祝言の終わった夜、世間で言うならば初夜とでも言うのだろう夜も、やはり松がぴったりとくっつけていた布団を自ら隣部屋まで引きずった、が、しかしふいに松がその布団の上にぴょこんと座って重石になってしまった。流石に驚いて「松・・・」とすっかり困って松を見下ろした自分に、松はにこっと微笑んだ。
「今日は初夜ですよ」
「いや、しかし、自分と松は十四も年が離れているんだ・・・なんだったら俺がもっと若いやつを見つけてきてやる。・・・今ならまだ・・・」
と手をつける事なども考えられずに、考え事をする悪いくせでだんまりを決め込んだこの野暮ったい男を、立ち上がった松はそっと抱き締めた。

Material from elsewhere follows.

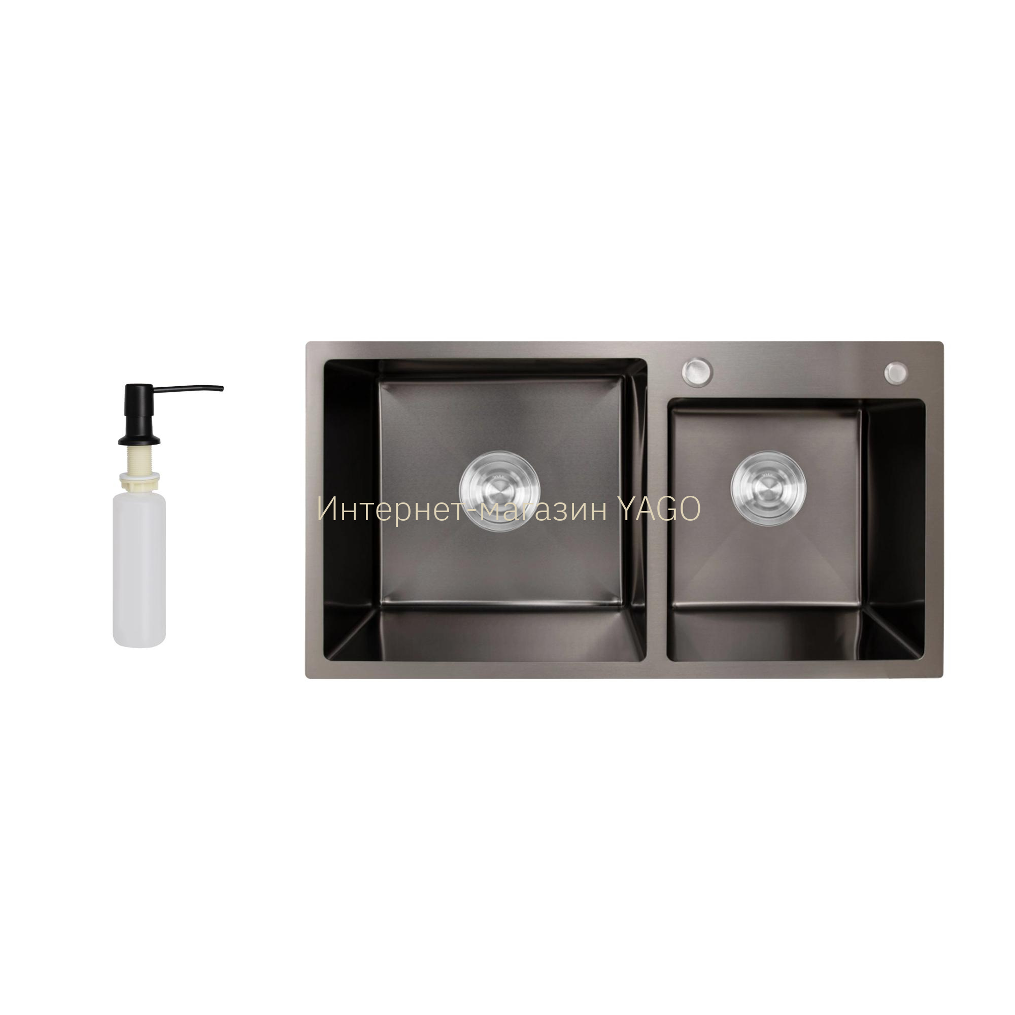 - Доставка Мийка для кухні з двома чашами інтегрована Lidz Handmade H7843 (LDH7843BPVD45586) Brushed Black PVD 3,0/1,0 мм у Херсон
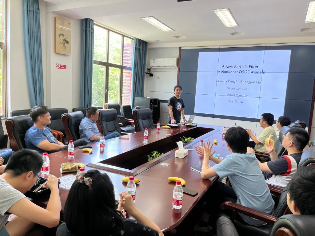 2022年6月23日学院“第八期午餐研讨会”在红楼2号楼226学术报告厅举行。此次研讨会由金融工程系助理教授邓滔崧老师做论文分享,共有二十余名师生参加本次午餐研讨会。

「カフェーで私は、あなたの一挙動一挙動をじっくり見て思いました。・・・・お腹の底では、来ないだろうと思っている気まぐれな相手を、それでも律儀に待ち続けるあなたを見て、私はあなたなら、きっと、私を大切にしてくれると思ったんです。そうしたら、私はたちまちあなたが愛しくなったのです」
松の方が一枚も二枚も上手だった。
そうして、松と私は夫婦となった。
それからすぐにまた前線と後方部隊をつなぎ合わせる運送屋として、海底をじっと・・・クズ鉄と一緒になって息を殺して何度か行き来した。妻子を持つと未練が残る、というのは兵ならば誰もが怖れるものだったが、不思議と自分はそんな風には思わなかった。むしろ地に足がついたような気さえしていた。海底の気圧がキリキリと鼓膜を揉み、アジアの熱帯夜のような蒸し暑さや息苦しさすらも居心地が良いと感じるほどに体に馴染んでいく。そうやって何度か往来を繰り返し、無事に補給を終える事ができ、また本土で多少の休暇を取ることができた。いや、その休暇も人間の休暇ではなく艦の確認整備の潜水艦様の休養のおこぼれを貰ったような休暇だ。

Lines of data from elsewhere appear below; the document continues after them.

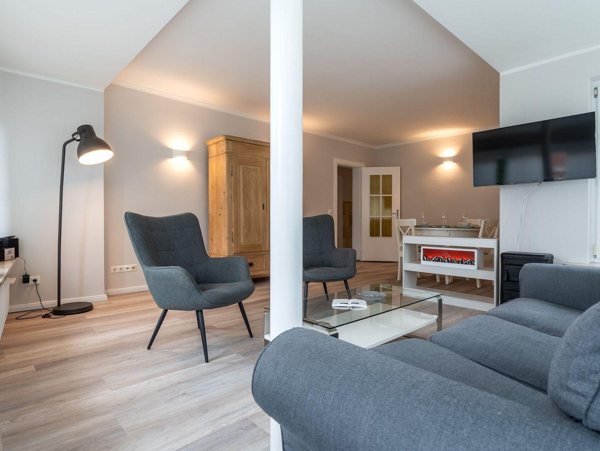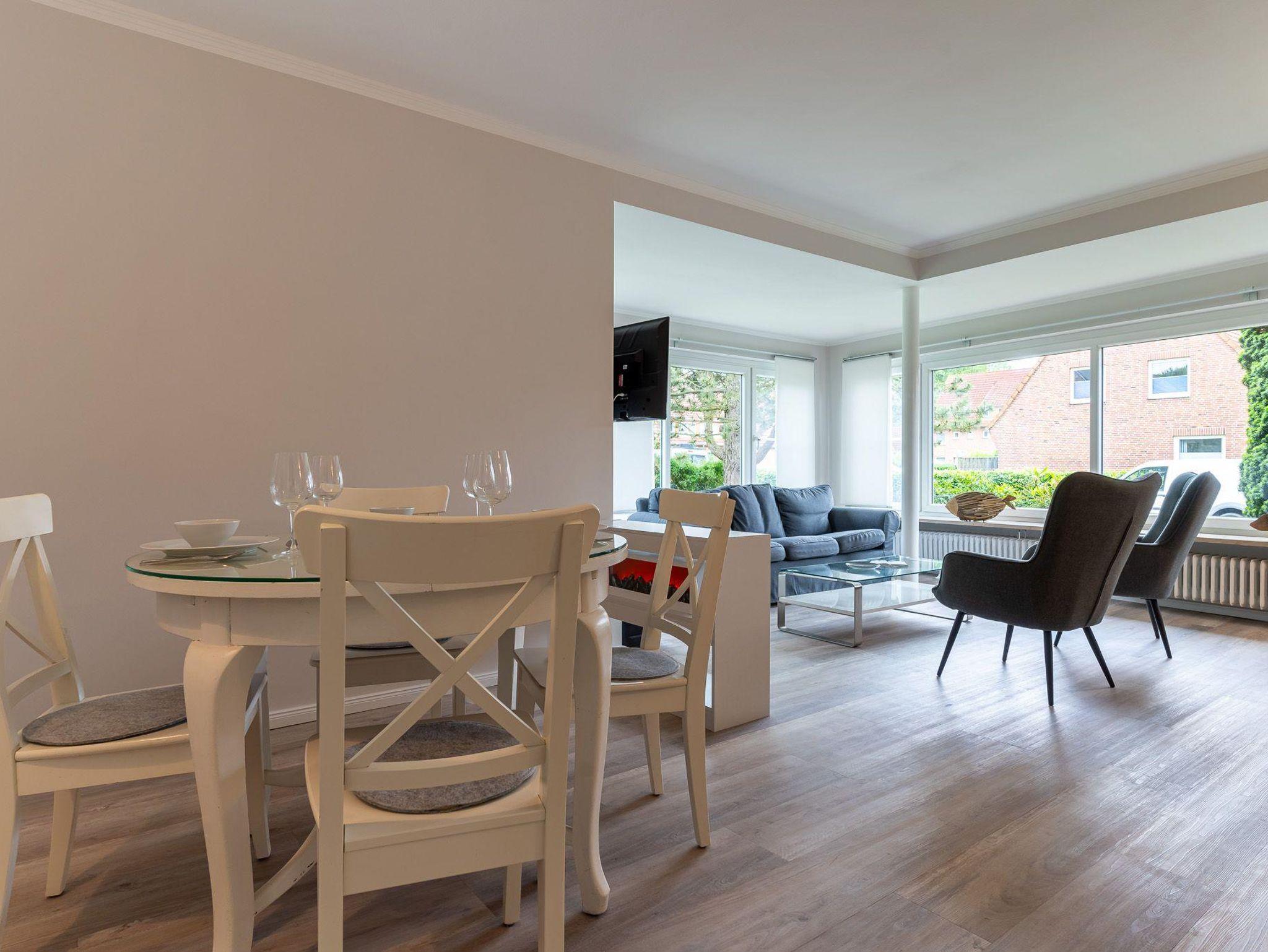 Das Wohnzimmer ist lichtdurchflutet und bietet viel Platz zum Lesen, Homeoffice arbeiten, Essen, Musik hören, oder Fernsehen gucken. Auch Ihren Netflixaccount können Sie hier ansteuern.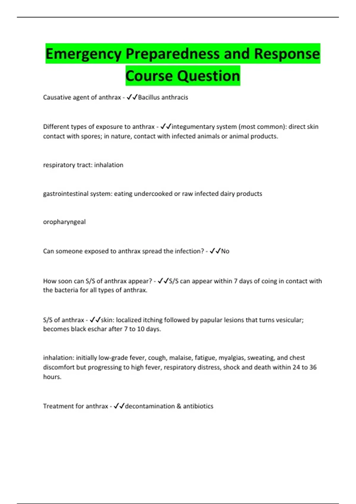 Treatment for anthrax - ✔✔decontamination & antibiotics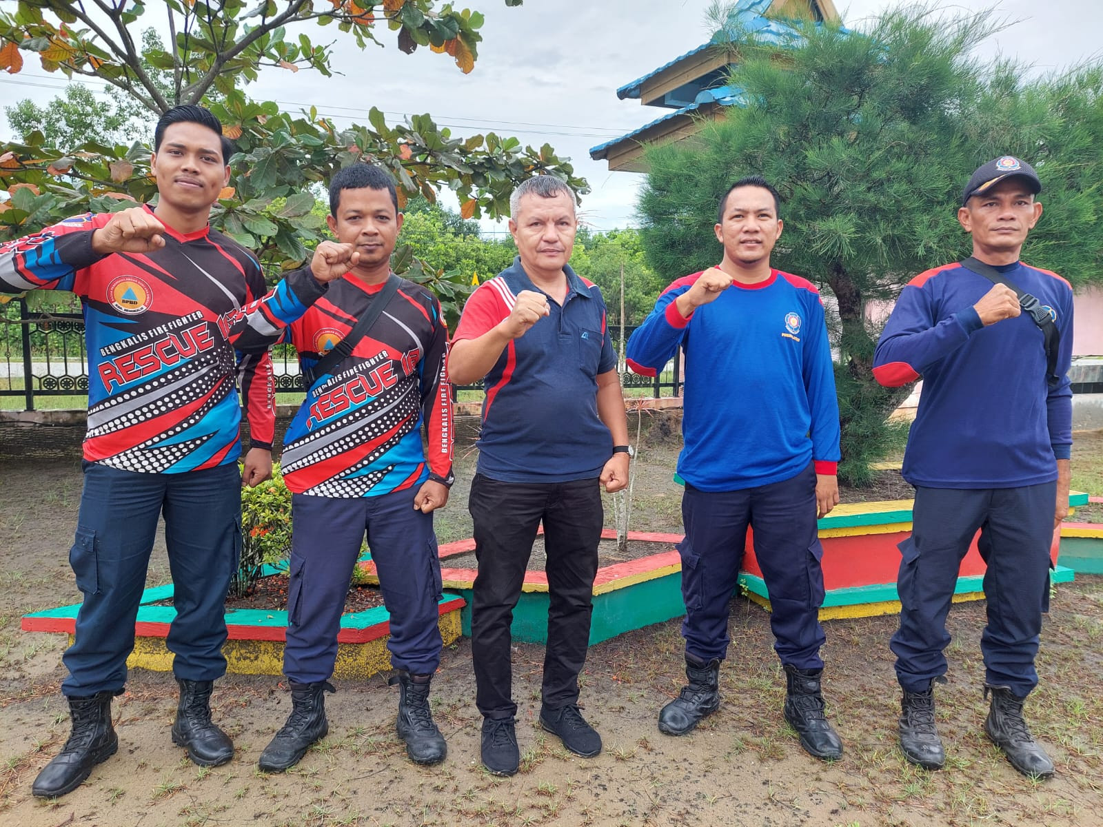 UPT Damkar Bukit Batu melakukan gotong royong di halaman kantor camat Bukit Batu dalam rangka persiapan untuk upacara HUT RI 17 agustus 2022.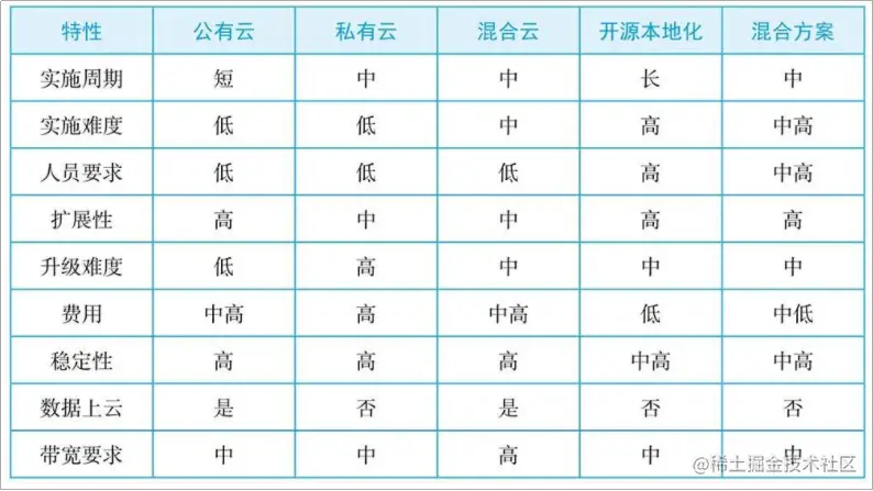 可以根据自身的情况和不同方案的优缺点选择合适的选型方案政务、金融行业一般对数据本地化要求较高,可以考虑选择第二个和第三个方案。在实际选型时,很可以采用混合解决方案。比如,底层基础设施、虚拟化和容器使用商业解决方案,数据中台和应用层采用开源框架。

出迎えた松は、風呂もままならぬオイルと汗臭いだろう汚い体を嫌がる素振りも見せずに「おかえりなさい」と喜んで子供のように抱き締める。それを、どうして愛しくないなどと思えるだろうか。松はくるくると嬉しそうに笑い、自分が不在の頃にあった話を喜んで話し、キュウリの塩もみしたものや、トビウオの燻製を焼いたものや白米を嬉しそうに運び、何か危険な目には合わなかったか、と心配そうに自分の顔を見つめる。これで、どうして愛しくないなどと感じるだろうか。松と話すほど、顔を付き合わせるほど、抱くほどに松を愛しいと思う。
松のように率直な喜怒哀楽の表現の仕方ができぬ自分は、軍から特別配給されたバターも米も味噌も酒もなんでも松にくれてやり、すると並べられた貴重で高価な食材に、すごい、と喜ぶ一方で、しかし隣近所に罪悪のようなものを覚えるように少し表情を曇らせる松に「うちはふたりだから、お隣に少し分けてやりなさい」とだけ言ってしまうと松はそれでもう安心したようにはにかんだ。

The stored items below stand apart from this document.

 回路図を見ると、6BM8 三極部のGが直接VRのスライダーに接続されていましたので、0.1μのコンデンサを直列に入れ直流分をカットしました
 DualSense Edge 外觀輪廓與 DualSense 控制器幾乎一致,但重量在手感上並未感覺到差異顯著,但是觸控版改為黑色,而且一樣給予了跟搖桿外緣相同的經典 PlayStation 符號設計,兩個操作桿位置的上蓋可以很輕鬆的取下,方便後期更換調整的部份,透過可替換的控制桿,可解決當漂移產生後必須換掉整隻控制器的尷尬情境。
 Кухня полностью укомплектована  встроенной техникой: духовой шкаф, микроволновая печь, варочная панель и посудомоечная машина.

そんなあまりに無垢で無知な妻を守ってやらねば、と更に思う。
軍に戻る前、松はいつも気丈に振舞おうとするが、それでも表情の曇る松に何度も「敵とは会いもかすりもしないただの運送屋だから。まあ、その分手柄ともかすりもしないがな」と言って笑わせてやってから家を出る。実際は、補給部隊を絶つことができたならば敵としては戦を仕掛けずとも放っておくだけで相手は潰れるのだから、これほど楽な事はない。大した装備もない補給部隊こそが標的にされるのだ、とは決して話さないでいた。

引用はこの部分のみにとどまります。